Requirement:
A faithful repeat of all the records, with no image kept, is the required answer.

Provided data:
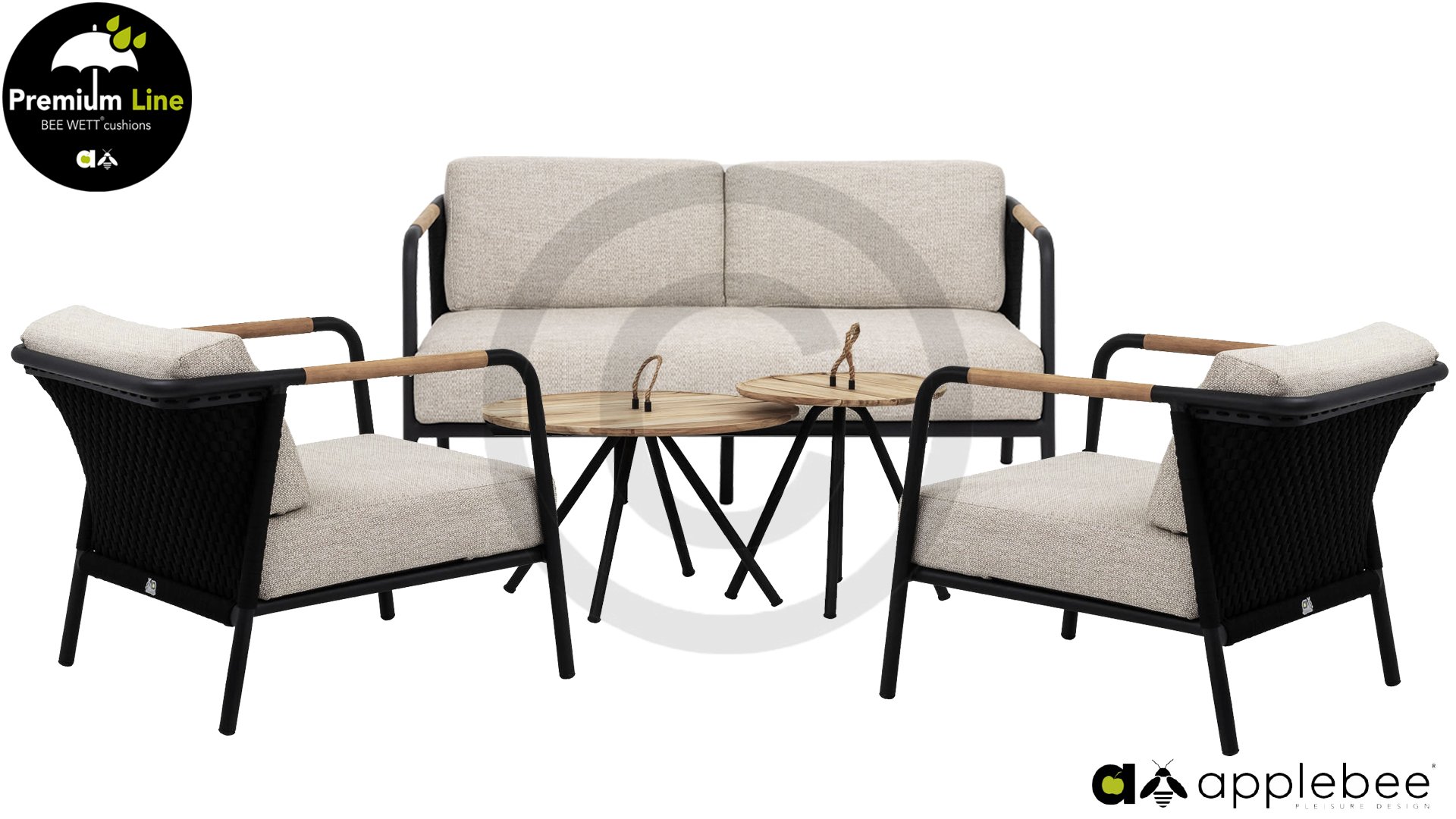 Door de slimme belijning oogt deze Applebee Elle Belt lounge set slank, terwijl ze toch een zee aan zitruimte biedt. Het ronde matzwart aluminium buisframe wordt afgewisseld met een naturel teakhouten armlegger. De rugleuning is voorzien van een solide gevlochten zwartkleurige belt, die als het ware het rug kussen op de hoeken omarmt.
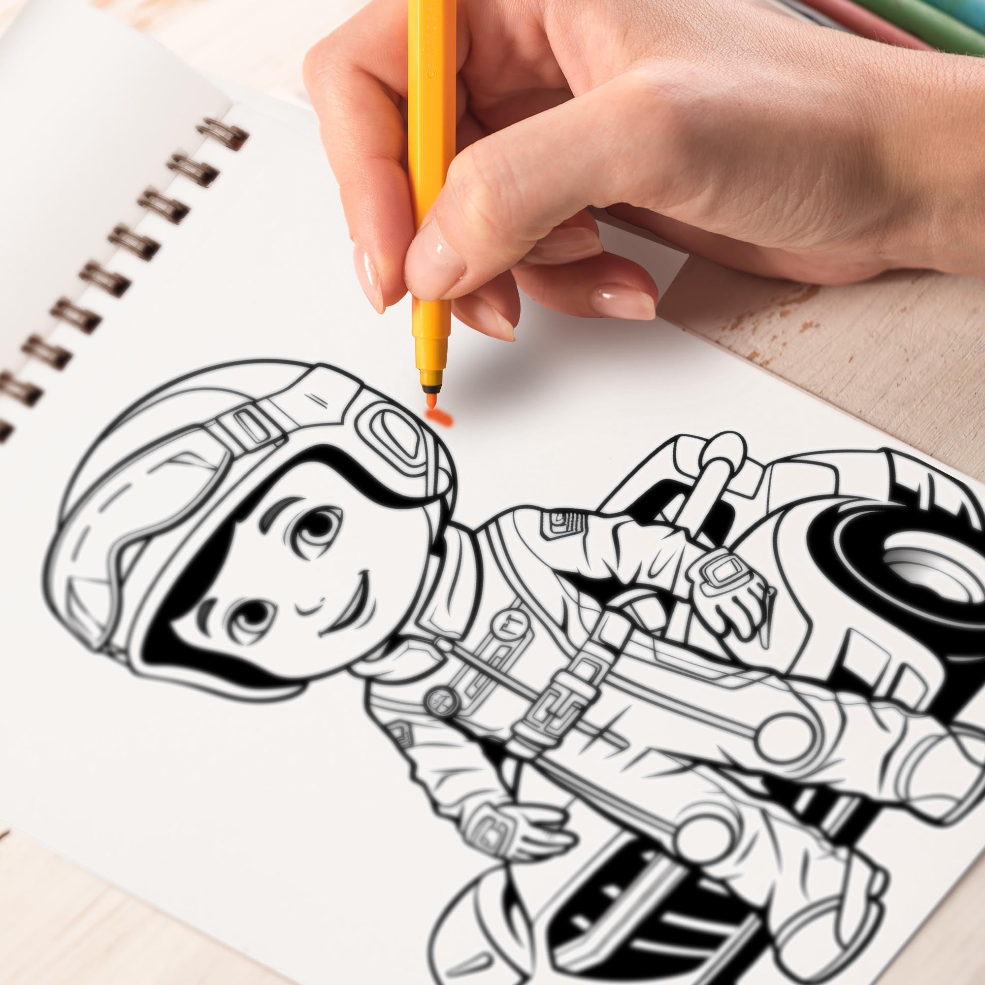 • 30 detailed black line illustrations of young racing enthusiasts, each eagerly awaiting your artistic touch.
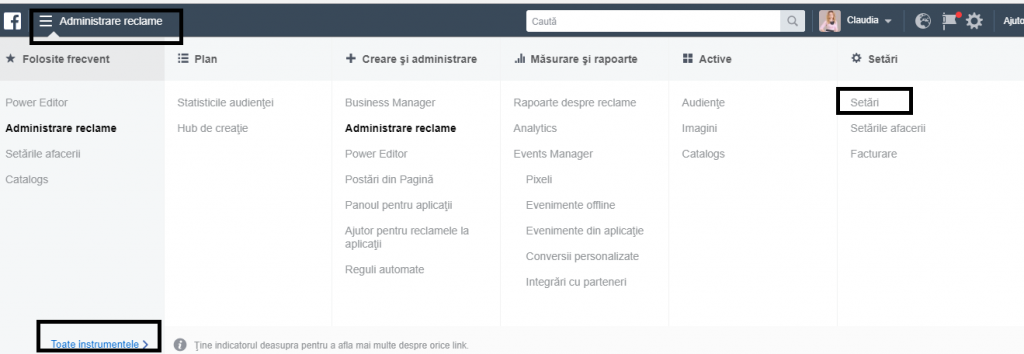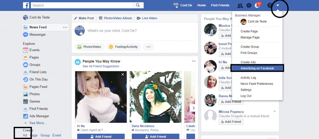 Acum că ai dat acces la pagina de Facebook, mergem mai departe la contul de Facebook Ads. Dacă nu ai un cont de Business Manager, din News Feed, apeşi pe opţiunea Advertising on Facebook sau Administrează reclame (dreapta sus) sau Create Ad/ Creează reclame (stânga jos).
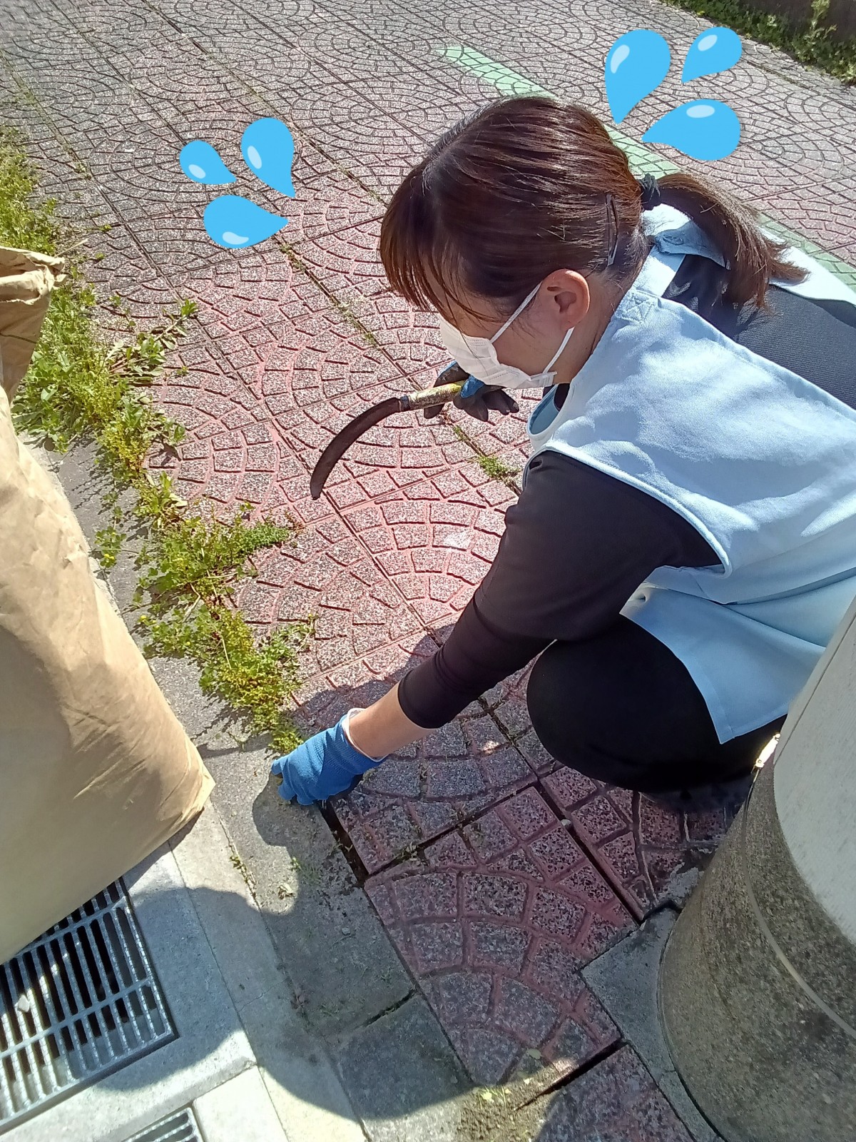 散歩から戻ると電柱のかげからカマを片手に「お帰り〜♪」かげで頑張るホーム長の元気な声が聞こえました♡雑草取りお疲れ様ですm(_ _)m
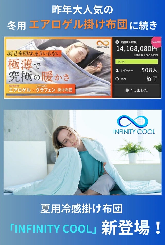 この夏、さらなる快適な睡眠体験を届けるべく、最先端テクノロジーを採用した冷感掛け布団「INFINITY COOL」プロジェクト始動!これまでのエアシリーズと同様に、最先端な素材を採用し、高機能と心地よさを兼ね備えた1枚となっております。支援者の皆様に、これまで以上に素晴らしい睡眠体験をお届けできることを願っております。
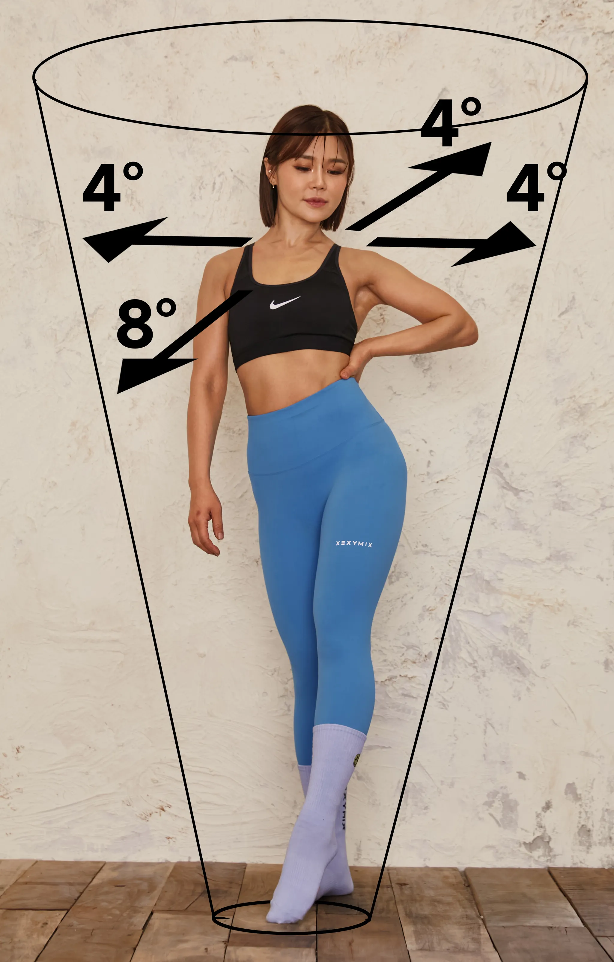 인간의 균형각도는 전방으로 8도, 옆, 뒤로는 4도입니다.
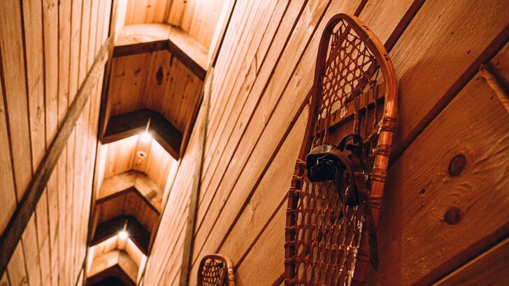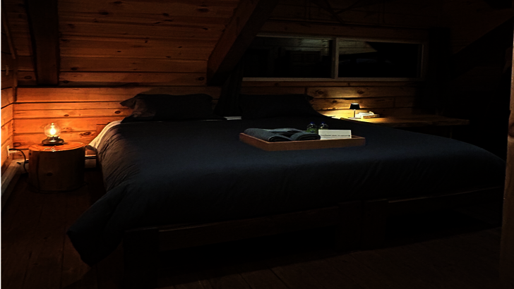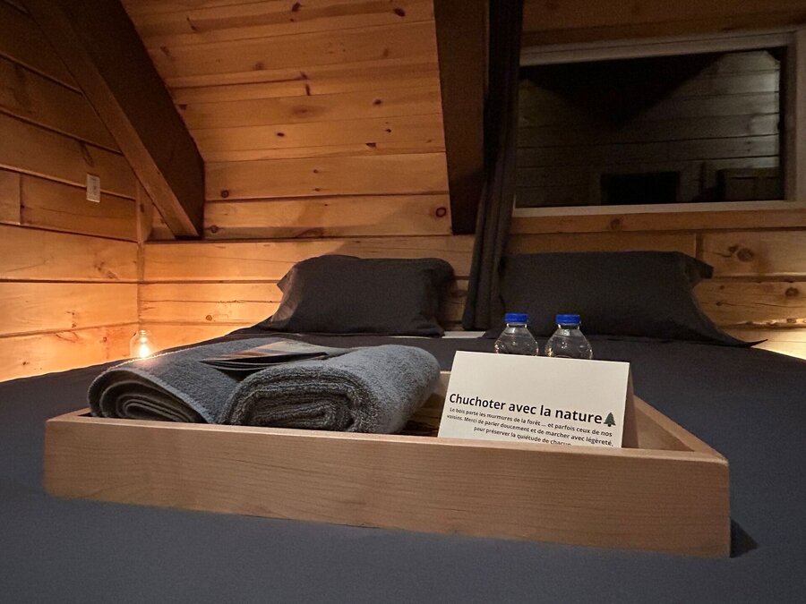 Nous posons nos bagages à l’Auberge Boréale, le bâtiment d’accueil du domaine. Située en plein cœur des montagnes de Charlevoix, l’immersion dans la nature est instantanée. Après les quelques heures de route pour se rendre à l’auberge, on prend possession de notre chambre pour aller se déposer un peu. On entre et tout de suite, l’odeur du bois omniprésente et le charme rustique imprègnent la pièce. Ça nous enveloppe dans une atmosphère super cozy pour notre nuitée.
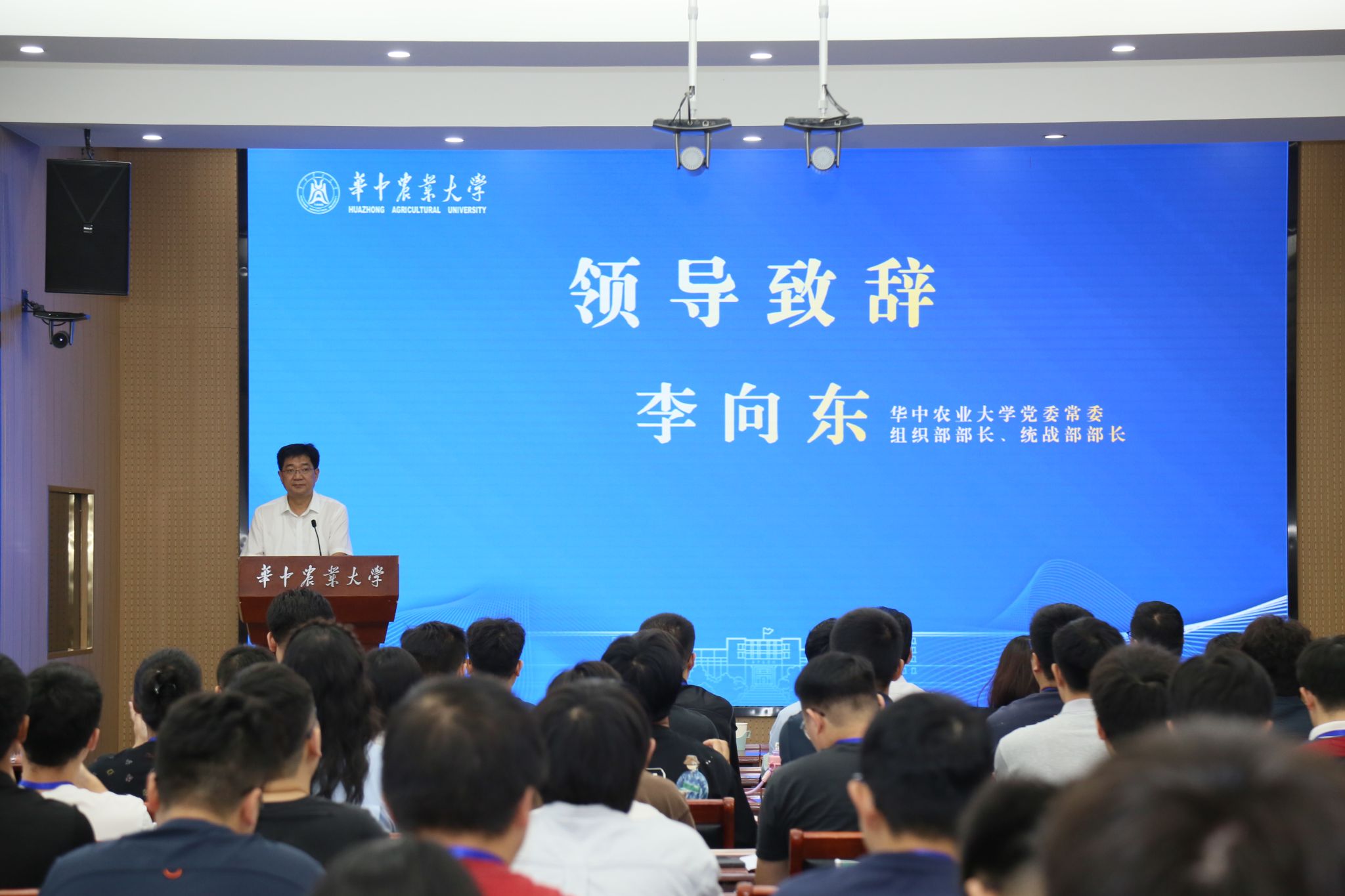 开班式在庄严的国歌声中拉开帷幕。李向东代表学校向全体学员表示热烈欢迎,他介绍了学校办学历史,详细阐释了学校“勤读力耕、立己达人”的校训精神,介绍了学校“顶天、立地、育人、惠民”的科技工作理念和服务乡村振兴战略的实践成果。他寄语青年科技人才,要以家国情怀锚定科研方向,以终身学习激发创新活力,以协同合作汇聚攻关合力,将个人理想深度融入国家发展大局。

Solution to the exercise:
 Door de slimme belijning oogt deze Applebee Elle Belt lounge set slank, terwijl ze toch een zee aan zitruimte biedt. Het ronde matzwart aluminium buisframe wordt afgewisseld met een naturel teakhouten armlegger. De rugleuning is voorzien van een solide gevlochten zwartkleurige belt, die als het ware het rug kussen op de hoeken omarmt.
 • 30 detailed black line illustrations of young racing enthusiasts, each eagerly awaiting your artistic touch.
 Acum că ai dat acces la pagina de Facebook, mergem mai departe la contul de Facebook Ads. Dacă nu ai un cont de Business Manager, din News Feed, apeşi pe opţiunea Advertising on Facebook sau Administrează reclame (dreapta sus) sau Create Ad/ Creează reclame (stânga jos).
 散歩から戻ると電柱のかげからカマを片手に「お帰り〜♪」かげで頑張るホーム長の元気な声が聞こえました♡雑草取りお疲れ様ですm(_ _)m
 この夏、さらなる快適な睡眠体験を届けるべく、最先端テクノロジーを採用した冷感掛け布団「INFINITY COOL」プロジェクト始動!これまでのエアシリーズと同様に、最先端な素材を採用し、高機能と心地よさを兼ね備えた1枚となっております。支援者の皆様に、これまで以上に素晴らしい睡眠体験をお届けできることを願っております。
 인간의 균형각도는 전방으로 8도, 옆, 뒤로는 4도입니다.
 Nous posons nos bagages à l’Auberge Boréale, le bâtiment d’accueil du domaine. Située en plein cœur des montagnes de Charlevoix, l’immersion dans la nature est instantanée. Après les quelques heures de route pour se rendre à l’auberge, on prend possession de notre chambre pour aller se déposer un peu. On entre et tout de suite, l’odeur du bois omniprésente et le charme rustique imprègnent la pièce. Ça nous enveloppe dans une atmosphère super cozy pour notre nuitée.
 开班式在庄严的国歌声中拉开帷幕。李向东代表学校向全体学员表示热烈欢迎,他介绍了学校办学历史,详细阐释了学校“勤读力耕、立己达人”的校训精神,介绍了学校“顶天、立地、育人、惠民”的科技工作理念和服务乡村振兴战略的实践成果。他寄语青年科技人才,要以家国情怀锚定科研方向,以终身学习激发创新活力,以协同合作汇聚攻关合力,将个人理想深度融入国家发展大局。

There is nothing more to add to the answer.